3.4. Monte Carlo Simulation of Gamma CDF Versus Non-Parametric ROC-AUC Scores

To empirically validate the proof that the CDF-based ranking outperforms non-parametric methods, a Monte Carlo simulation was conducted in Python. It is built upon the injection of outliers into a random gamma distribution before evaluating each method by running 500 simulations. Shape and scale of the gamma distribution was obtained by fitting 200 training point for each simulation run and the method of estimation was maximum likelihood estimation (MLE). These parameters acted as the base for the cumulative density function in evaluating the 400 randomly generated (predetermined shape and scale parameters) gamma inlier and outlier test points. Each simulation tested KNN, LOF, ABOD, COF, and gamma CDF to determine the best ROC-AUC score. Table 1 presents a summary of the overall simulation results. Table 2 summarizes the shape and scale parameters used in the training and testing sets. Gamma CDF was the best performing outlier detector in the Monte Carlo simulation as expected from experimental validation of the CDF Superiority theorem proof. Python code Listing in Appendix A contains the detailed python code for implementation.

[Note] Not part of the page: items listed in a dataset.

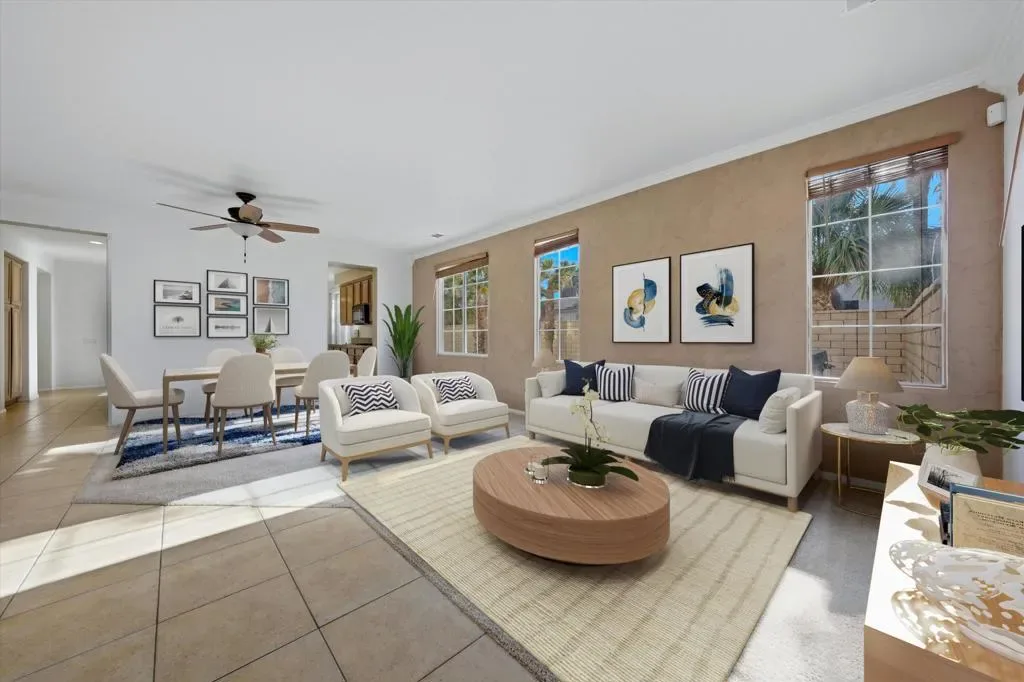 Step into a home that offers the space, layout, and lifestyle today’s buyers are truly looking for–all within one of Indio’s most sought-after gated communities with 24-hour security.This expansive 5-bedroom, 4-bathroom residence offers a highly desirable layout designed for flexibility and real-life functionality. The main level features a private primary suite with its own bathroom, along with two additional bedrooms and the convenience of three bathrooms downstairs–an ideal setup for multi-generational living, guests, or a dedicated work-from-home environment. Upstairs, two generously sized bedrooms and a full bathroom create a separate retreat–enhanced by beautiful mountain views that add a sense of calm and elevation to your everyday living experience.The backyard presents a great opportunity for the next owner to design and create their own private outdoor retreat–whether that means enhancing the existing space, adding personal touches, or maximizing its full potential over time.This move-in ready home offers immediate comfort while also presenting a valuable opportunity for the next owner to add their own personal touches and further elevate the space to match their vision.Designed for the way you live today, with the space, layout, and comfort to grow into tomorrow–this is a home that truly adapts to you.
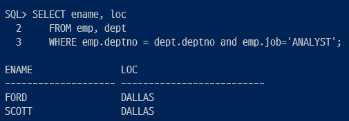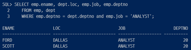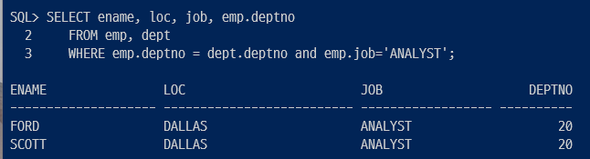 ▷ emp.deptno = dept.deptno 는 조인 조건. emp.job ='ANALYST'는 검색 조건
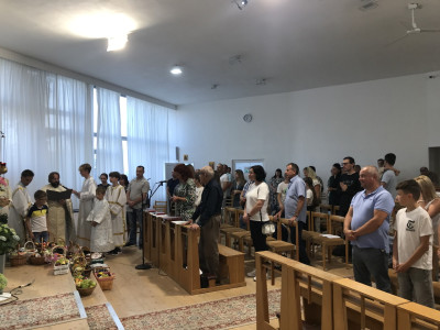 Ohlédnutí za měsícem červnem. Měli jsme 8.6. chrámový svátek, na Sestoupení Svatého Ducha, při kterém byl pokřtěn náš katechumen Jakub Izák. Současně nás v tento den navštívili bohoslovci a představení Arcibiskupského kněžského semináře. V neděli 22.6. čtyři chlapci z naší farnosti měli 1. svaté přijímání.

Table 1. ROC-AUC Scores as per each method for Monte Carlo simulation.

	mean	std	min	25%	50%	75%	max
KNN	84.8%	2.1%	78.4%	83.4%	84.9%	86.3%	90.5%
LOF	63.0%	5.9%	43.8%	58.8%	62.8%	67.3%	78.1%
ABOD	80.7%	2.4%	73.3%	79.1%	80.8%	82.2%	86.3%
COF	50.6%	2.5%	43.3%	48.9%	50.5%	52.2%	57.7%
Gamma CDF	89.1%	1.5%	84.8%	88.1%	89.1%	90.2%	93.4%

Table 2. Shape and scale parameters for training and testing sets.

	Train	Test Inlier	Test Outlier
Shape	2.0	2.0	5.0
Scale	2.0	2.0	2.0

An important takeaway from the CDF proof and Monte Carlo simulation is that the cumulative distribution function outperforms non-parametric methods only when the goodness of fit is exceptionally high and the sample size is sufficiently large.

4. Our Parametric Outlier-Detection Framework

We propose a two–stage pipeline: (i) reduce the data to a one–dimensional distance statistic that preserves the degree of “outlier-ness’’ even in high dimension, and (ii) fit a parametric family to that statistic and score points by calibrated tail probabilities. This design keeps computation light, retains interpretability, and—by working with a 1-D summary—avoids the distance–concentration pitfalls of high-d spaces [5].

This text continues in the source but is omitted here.